There are plenty of wake-up calls to keep me from falling too far into delusion. My younger boys bring me the bottle of Tylenol, take a picture with my phone, and then enlarge it for me so I can read the dosage they’ll need. Steve and I sit on the couch in the evening and simultaneously groan as we stand up to drag our tired selves off to bed. My older sons roll their eyes at us when we ask Siri a question only to take a screen shot instead.

Ankle Braces And Spectacles

There are still reasons to hope and to keep me feeling young yet. My 10-year-old still climbs onto my lap for a story at night. My student tells me I look so pretty today (His mom must buy the same brand of Kool-Aid as me).

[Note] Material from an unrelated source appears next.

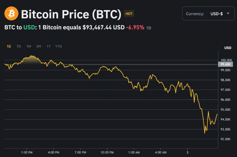 Theo dữ liệu từ CoinMarketCap, giá bitcoin tiếp tục giảm mạnh trong ngày 3/2, có thời điểm mất mốc 93.000 USD/BTC. Hiện bitcoin được giao dịch quanh mốc 94.000 USD, mức thấp nhất trong ṿng 2 tuần qua.
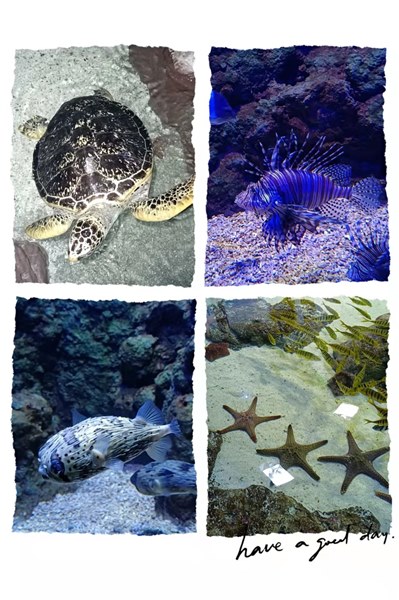 海洋馆里有个海底隧道,走在里面真的像在海里漫步一样,鱼儿从你的头顶,左右游过,真是太神奇太好玩啦,我们走了一次不过瘾,又走了一次。二楼中央有个大大的水池,还有小桥,水池里有好多个好大好大的乌龟,它们是我至今看到的最大的乌龟,感觉它可以驮动三岁以下的小孩,旁边有卖白菜叶的,有的小朋友买来一片白菜叶喂它们,我也第一次知道了乌龟还吃白菜叶呢,它们非常友好,慢腾腾的在水池中游来游去,看上去非常惬意。

My other consolation is that I’m not doing it alone. Steve is just as delusional as I am. This past Father’s Day he decided to take on his children in a game of soccer and though in his mind he was 20 years old, lightning fast, and fit as a fiddle, reality hit hard when he spent the next two months on crutches. Three and a half months later, Steve is still wearing an ankle brace every day. I’m still getting used to coming upon him when he’s working at his computer, with his “old man spectacles” perched on the end of his nose. Though it does elevate his barn clothes and afford him a certain level of sophistication. I guess if I’m going to grow old, there’s no one I’d rather do it with.

Though yesterday when we were sitting our tired selves down on the couch at the end of the day, I did begin to wonder whether he might be winning the aging race. After a day of being on his feet, he was complaining about how unusually sore his ankle was today, only to look down and realize he’d been wearing his brace on the wrong foot all day.